REQUIRED ACTION: Could you retype the lines below, starting at the line holding "Детский утепленный модный" and stopping at the line holding "Shut Up And", inclusive? Copy them exactly and drop the images.
##############################
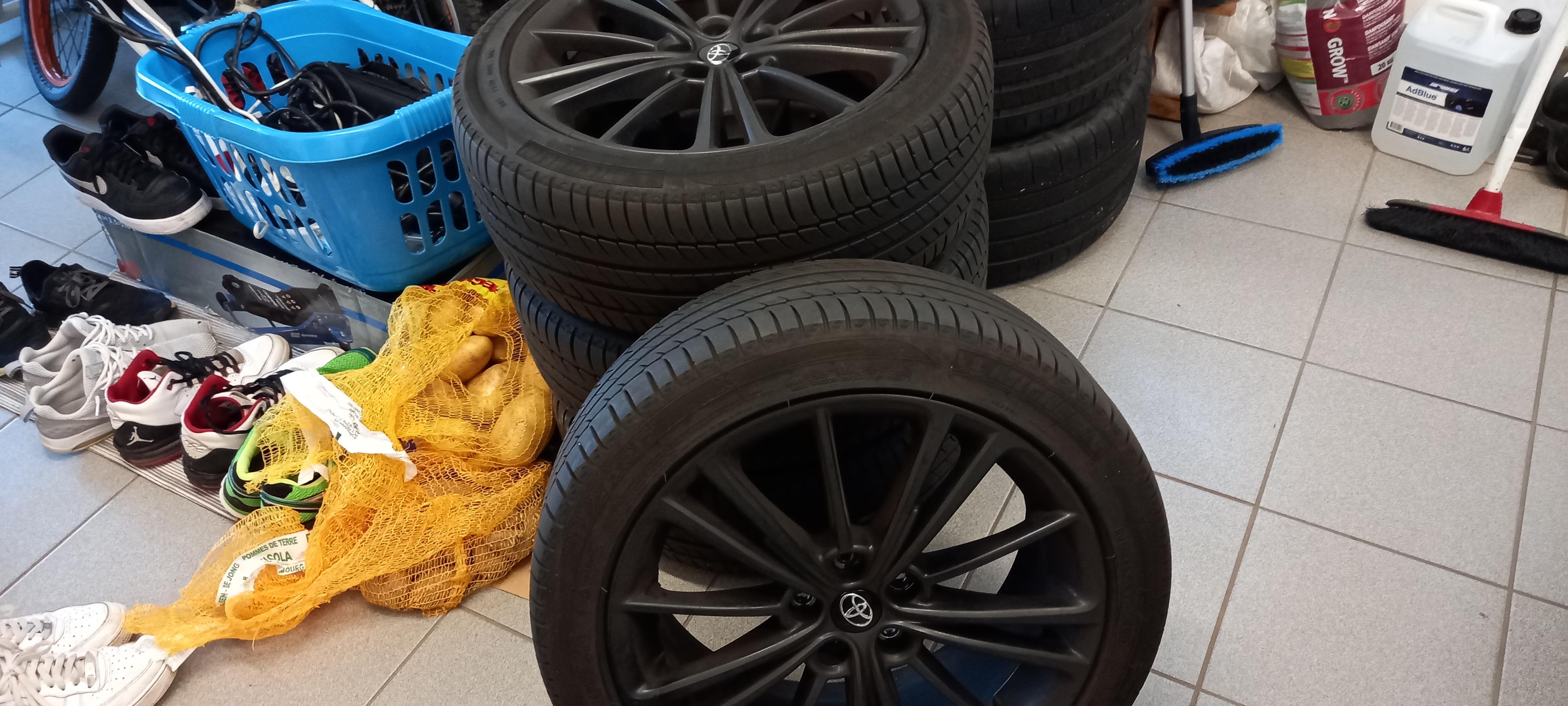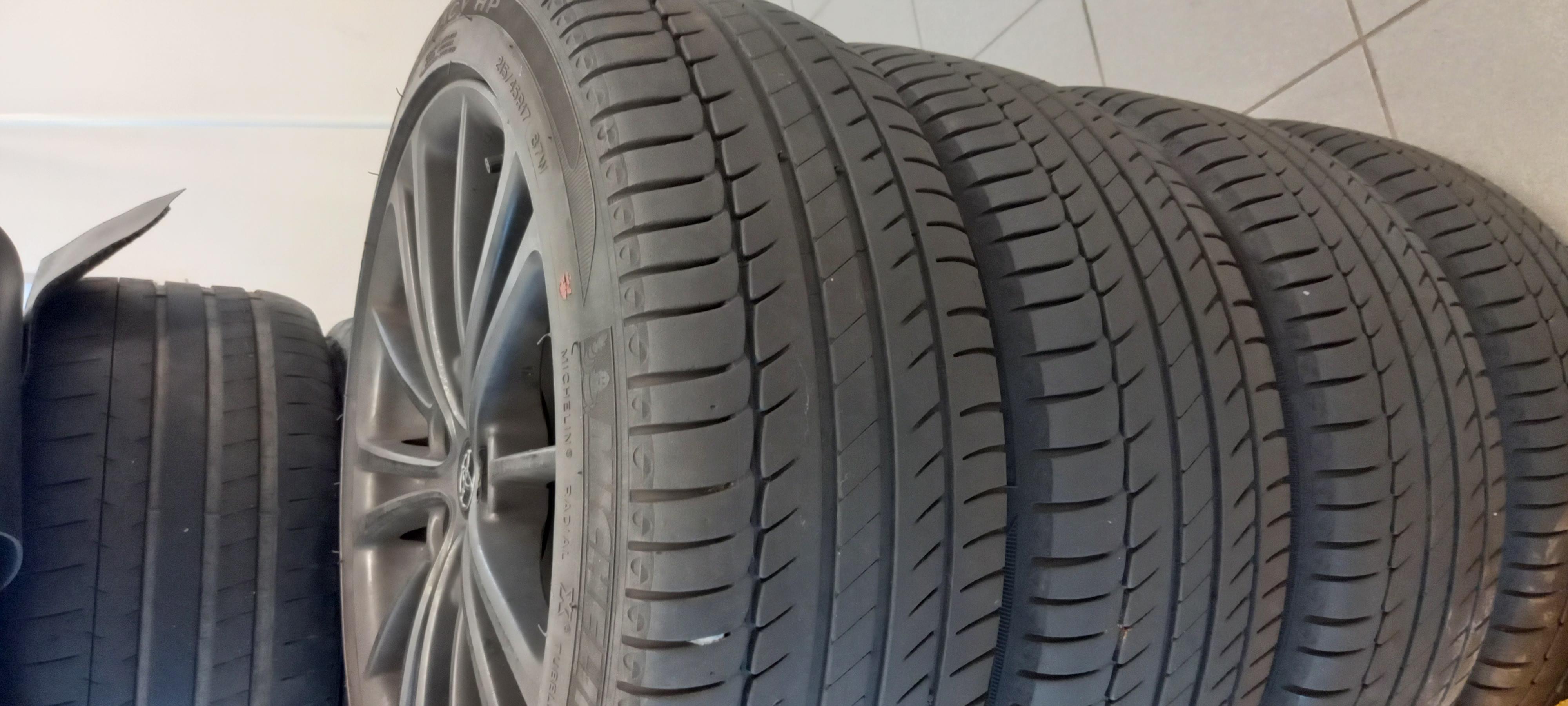 jantes alu noir Toyota 5x100 avec pneus été Michelin primary 215/45 R17, tbé.
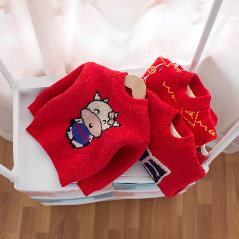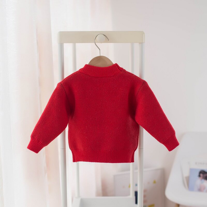 Детский утепленный модный красный свитер для девочек, в западном стиле
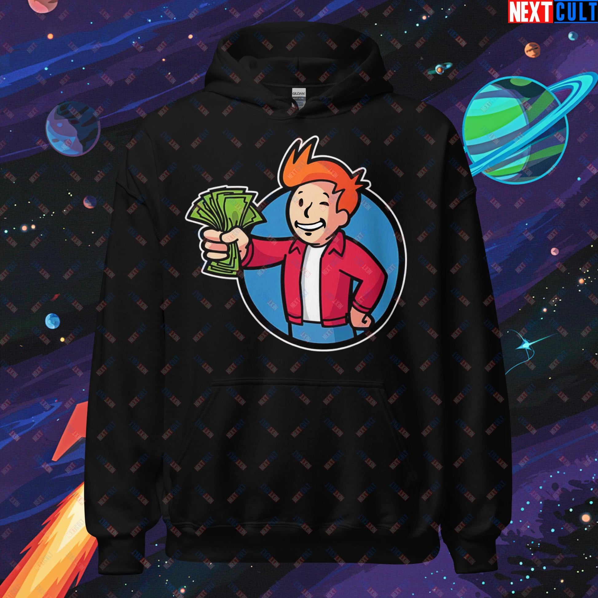 Shut Up And Take My Money Fry Boy Futurama Vault Boy Fallout Funny Cartoon Mashup Unisex Hoodie
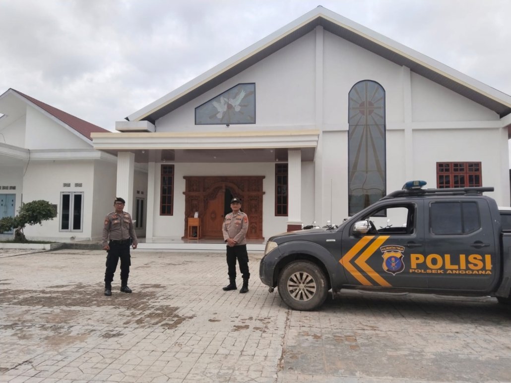 Kukar – Suasana khidmat mewarnai ibadah Minggu di sejumlah gereja di Kecamatan Anggana pada Minggu (7/9/2025) pagi. Kehadiran personel Polsek Anggana yang melaksanakan patroli dan pengamanan membuat jemaat dapat beribadah dengan tenang dan penuh kekhusyukan.
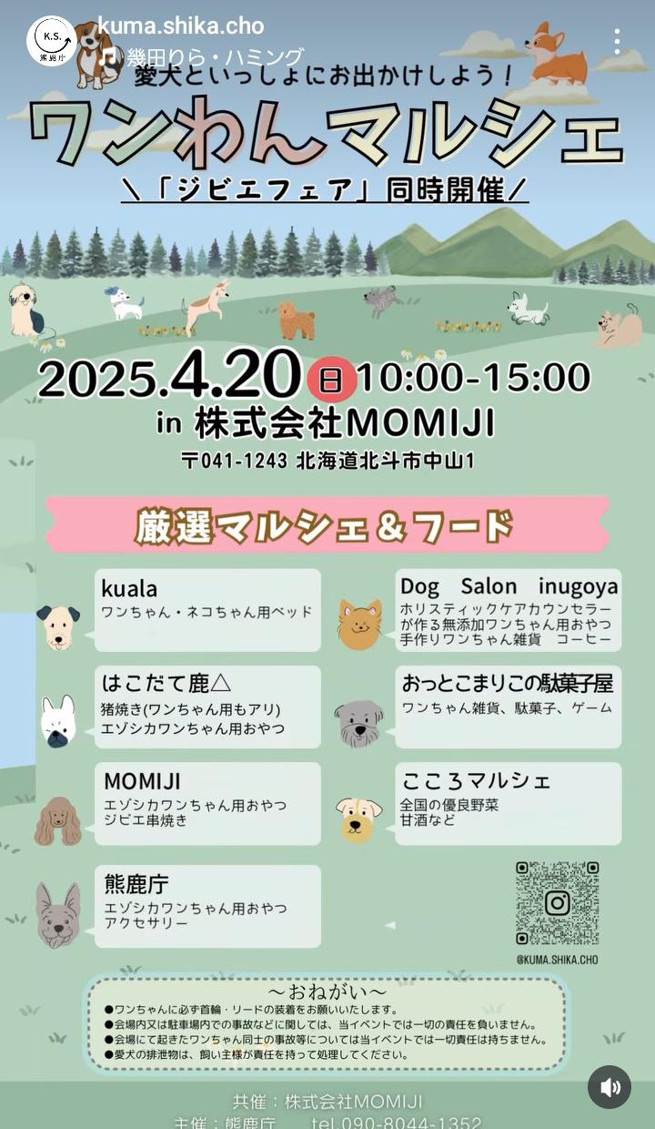 ワンわんマルシェ イベント 2025.04.18 2025年4月20日(日) 開催場所 道の駅なとわ・えさん 愛犬といっしょにお出かけしよう! ワンちゃん・ネコちゃん用のベッドや雑貨、アクセサリーの他、無添加ワンちゃん用おやつなど! 「おっとこまりこの駄菓子屋」も参加♪ 週末は愛犬と一緒にお出かけしてみてはいかがでしょうか?😊 時間 10:00~15:00 ワンちゃんとのお出かけもしやすい季節になりましたね♪ ※このイベントは終了しました※
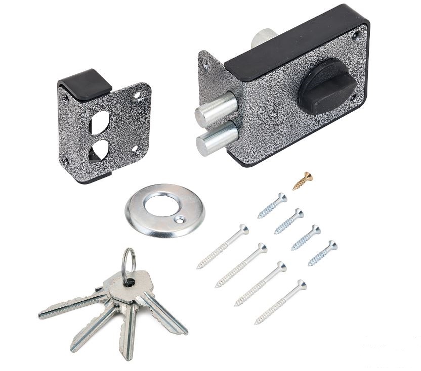 Замок накладной цилиндровый с вертушкой. Предназначен для установки на деревянные двери. Засов из двух цилиндрических ригелей диаметром 14 мм, с максимальным вылетом 25 мм. Удаление ключевого отверстия — 60 мм. Габариты замка — 100х75х24,5 мм. Комплектация — 4 ключей, запорная планка, накладка. Закрывание и открывание замка изнутри производится ручкой, снаружи ключом. Корпус из ударопрочного пластика со стальной пластиной.
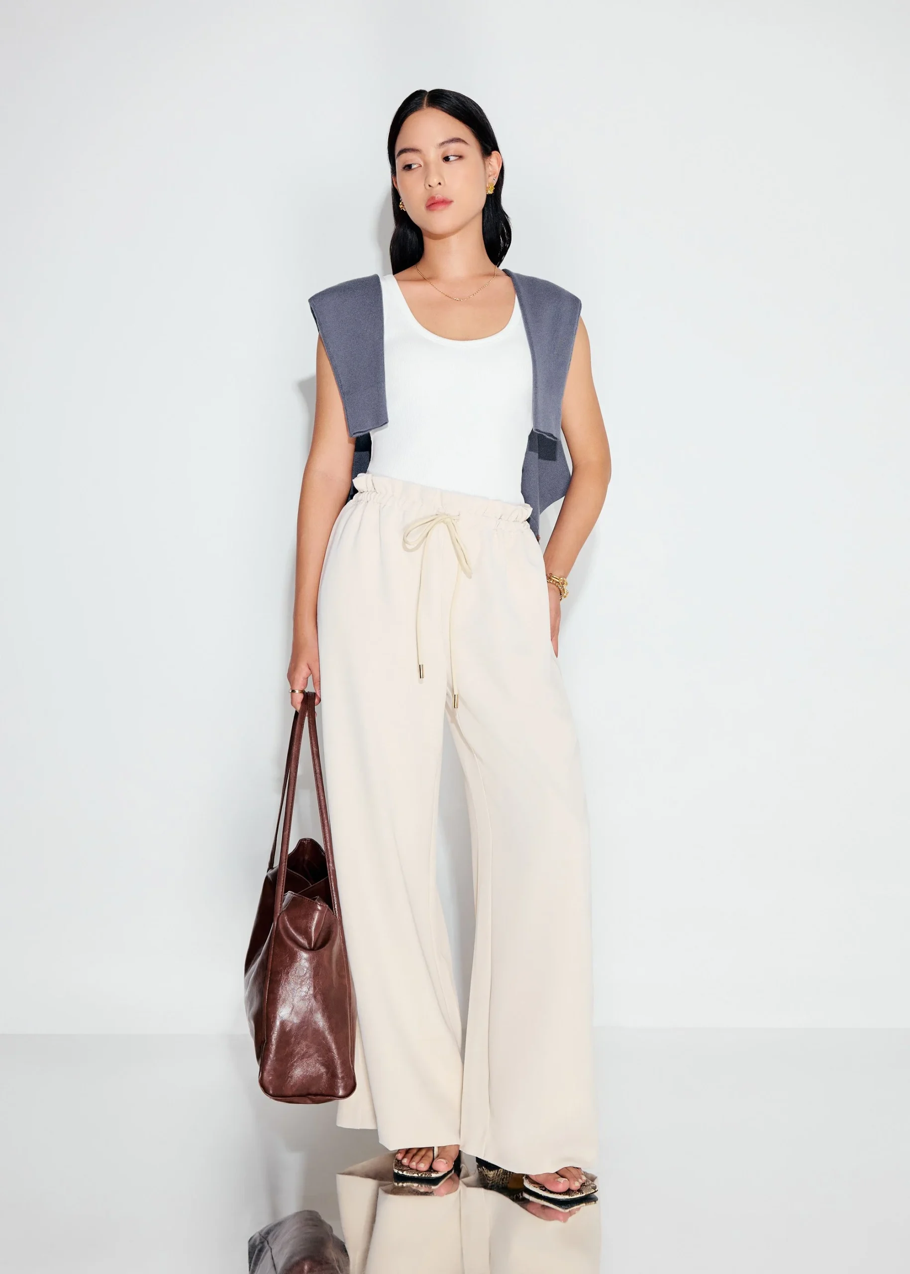Comfy enough for bare-minimum energy, cute enough to act like you tried. These full-length elastic pants are designed for real-life movement—think brunch plans, grocery runs, or airport days. The high waist is fully elasticated, and the drawstring lets you adjust the exact fit you want. Cut in a relaxed straight silhouette with functional side pockets for your emotional support essentials. Creases? Could never be her, even after sitting, packing, or sprinting through your day.
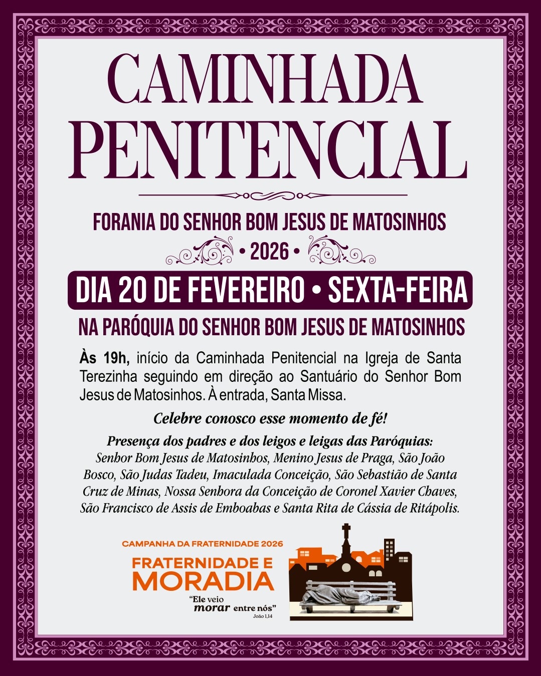 Marcada por significativas celebrações, a Quaresma permite o cristão a refazer a peregrinação pascal de Jesus Cristo e refletir o mistério da sua Paixão, Morte e Ressurreição. É por isso que a Forania Senhor Bom Jesus de Matosinhos vai realizar no sábado, 20, a primeira Caminhada Penitencial a nível fonâneo. O evento pretende reunir representantes das 08 paróquias envolvidas.
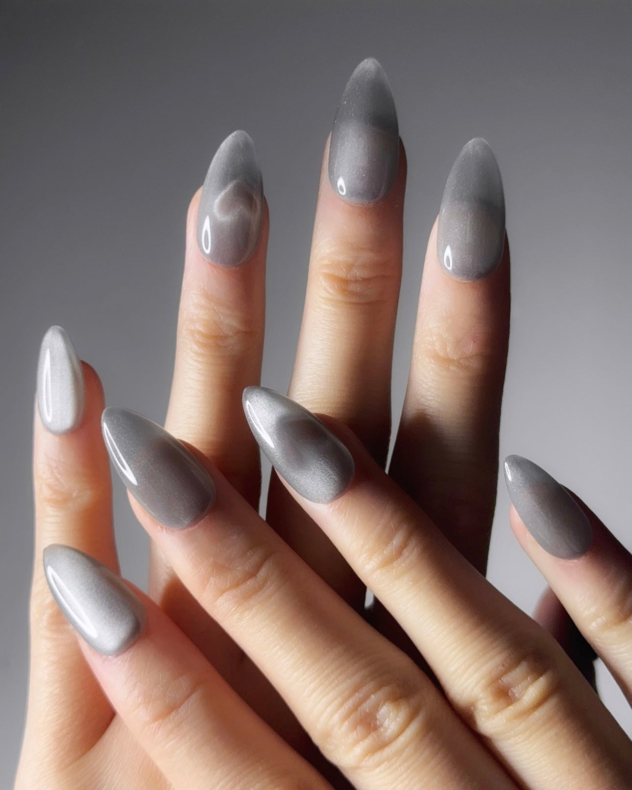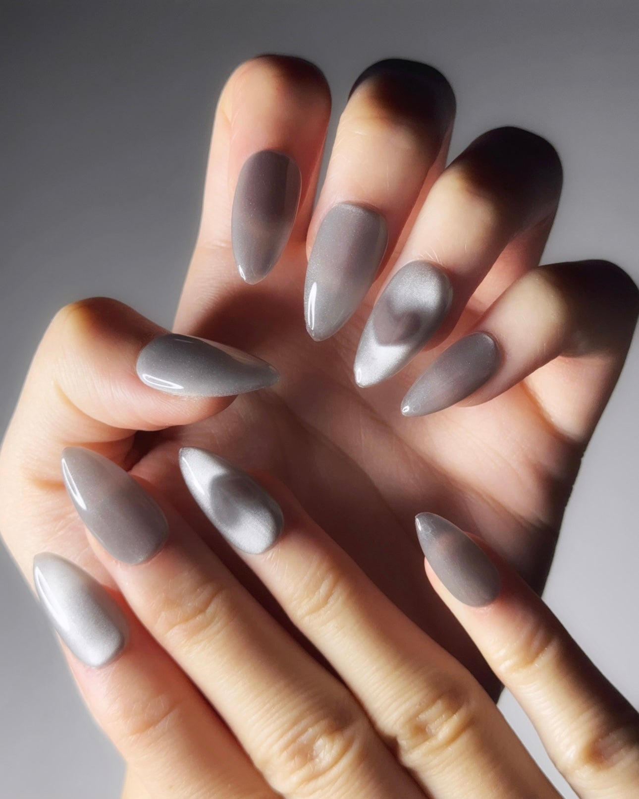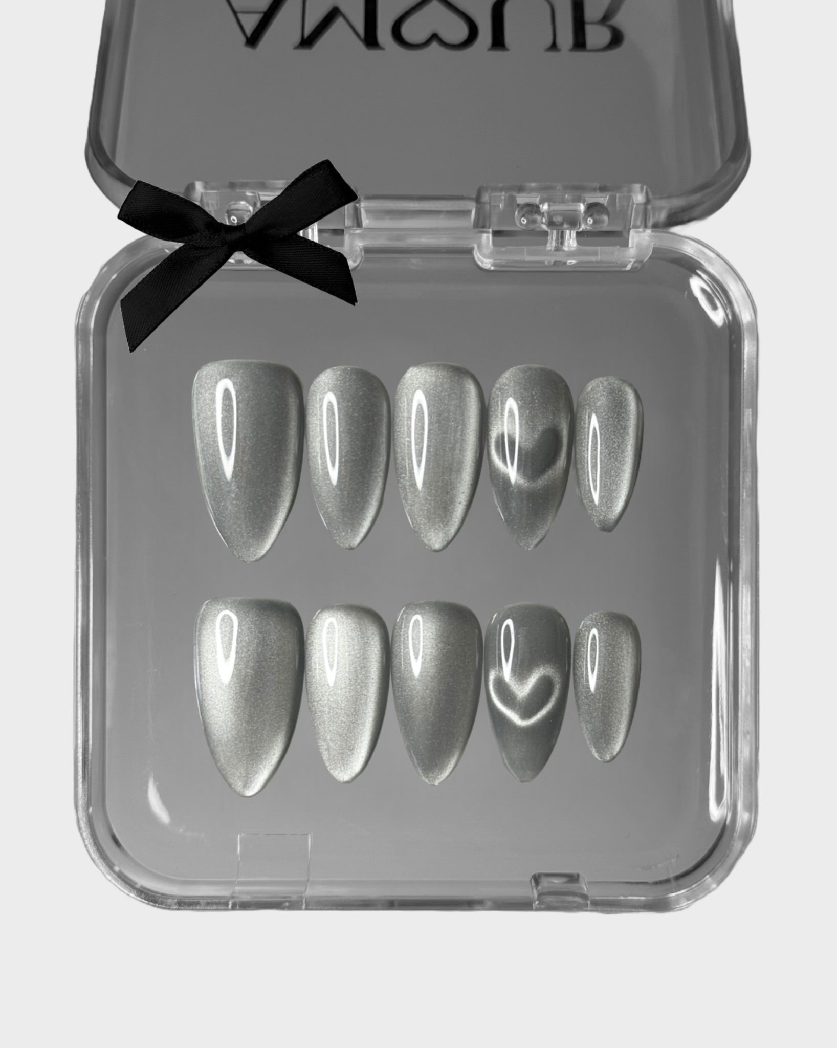 Trendy and captivating, this press-on nail set features dark grey steel tones with mesmerizing cat eye effects and subtle heart-shaped cat eye accents. Perfect for a bold, sophisticated manicure that combines mystery with a touch of elegance.
##############################
RESPONSE TO THE EXERCISE:
 Детский утепленный модный красный свитер для девочек, в западном стиле
 Shut Up And Take My Money Fry Boy Futurama Vault Boy Fallout Funny Cartoon Mashup Unisex Hoodie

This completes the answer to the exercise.